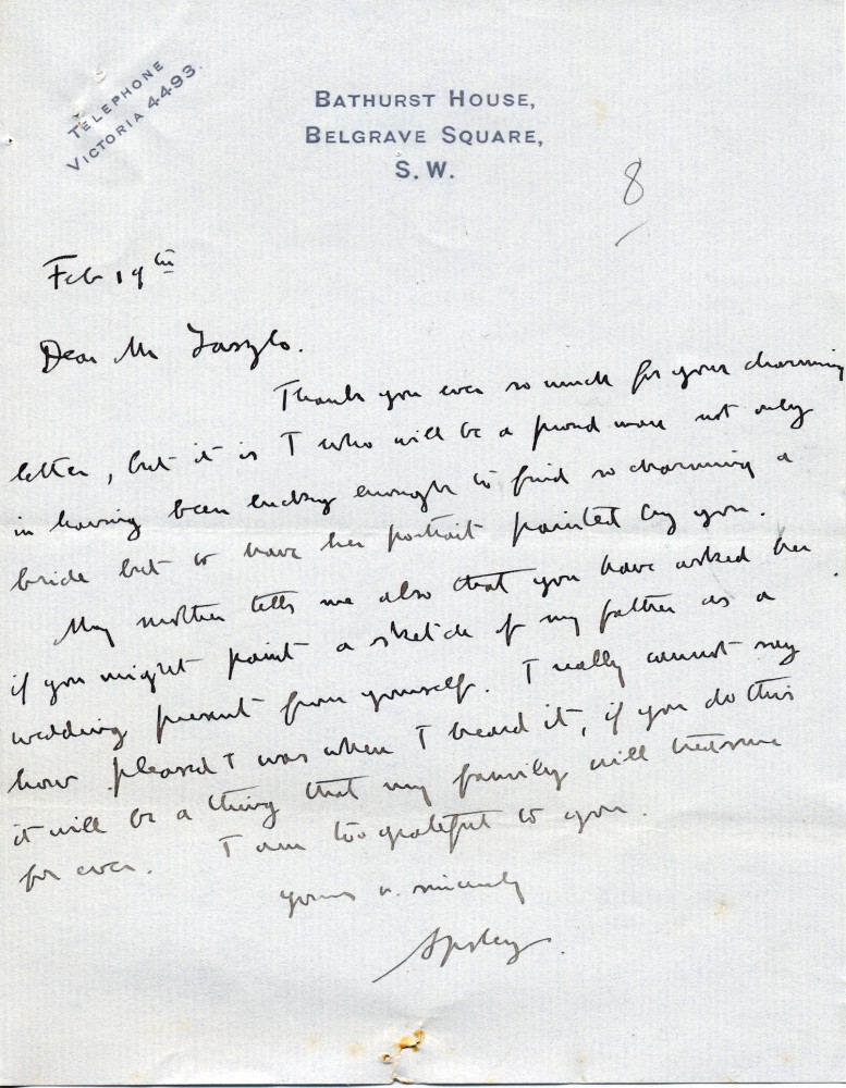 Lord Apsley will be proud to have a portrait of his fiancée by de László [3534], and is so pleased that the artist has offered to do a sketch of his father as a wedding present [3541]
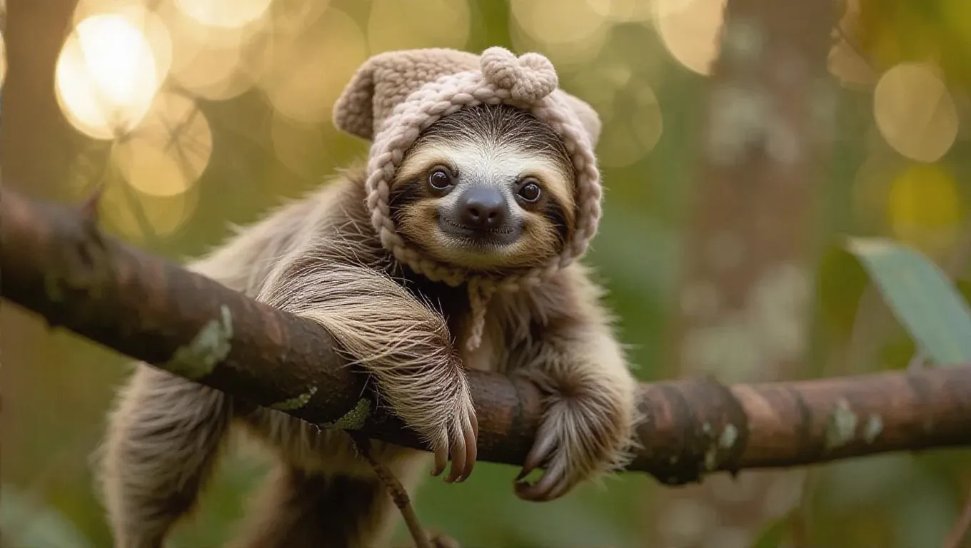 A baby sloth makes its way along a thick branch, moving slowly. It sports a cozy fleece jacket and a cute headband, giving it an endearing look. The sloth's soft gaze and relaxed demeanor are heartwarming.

◆ ◆ ◆ ◆ ◆ ◆ ◆

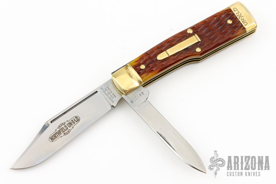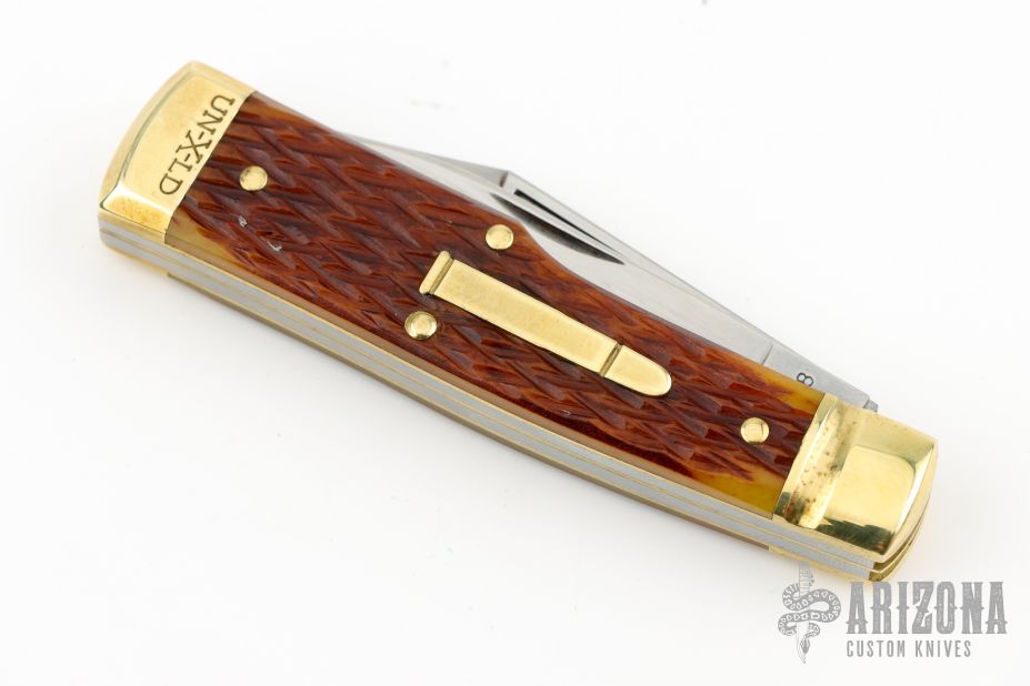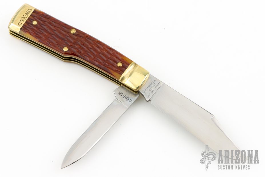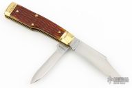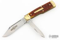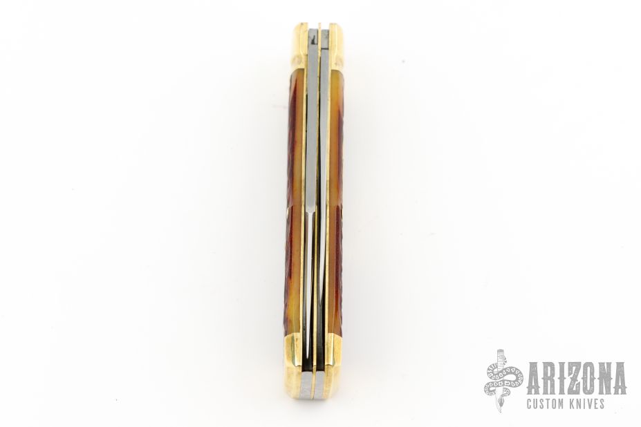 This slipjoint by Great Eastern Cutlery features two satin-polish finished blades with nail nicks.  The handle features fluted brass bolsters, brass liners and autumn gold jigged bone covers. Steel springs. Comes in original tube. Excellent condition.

◆ ◆ ◆ ◆ ◆ ◆ ◆

** PROBLEM **
Set the pictures aside and transcribe exactly the stretch of lines above, beginning with the one holding "Lord Apsley will" and ending with the one holding "A baby sloth".

** EXERCISE OUTPUT **
 Lord Apsley will be proud to have a portrait of his fiancée by de László [3534], and is so pleased that the artist has offered to do a sketch of his father as a wedding present [3541]
 A baby sloth makes its way along a thick branch, moving slowly. It sports a cozy fleece jacket and a cute headband, giving it an endearing look. The sloth's soft gaze and relaxed demeanor are heartwarming.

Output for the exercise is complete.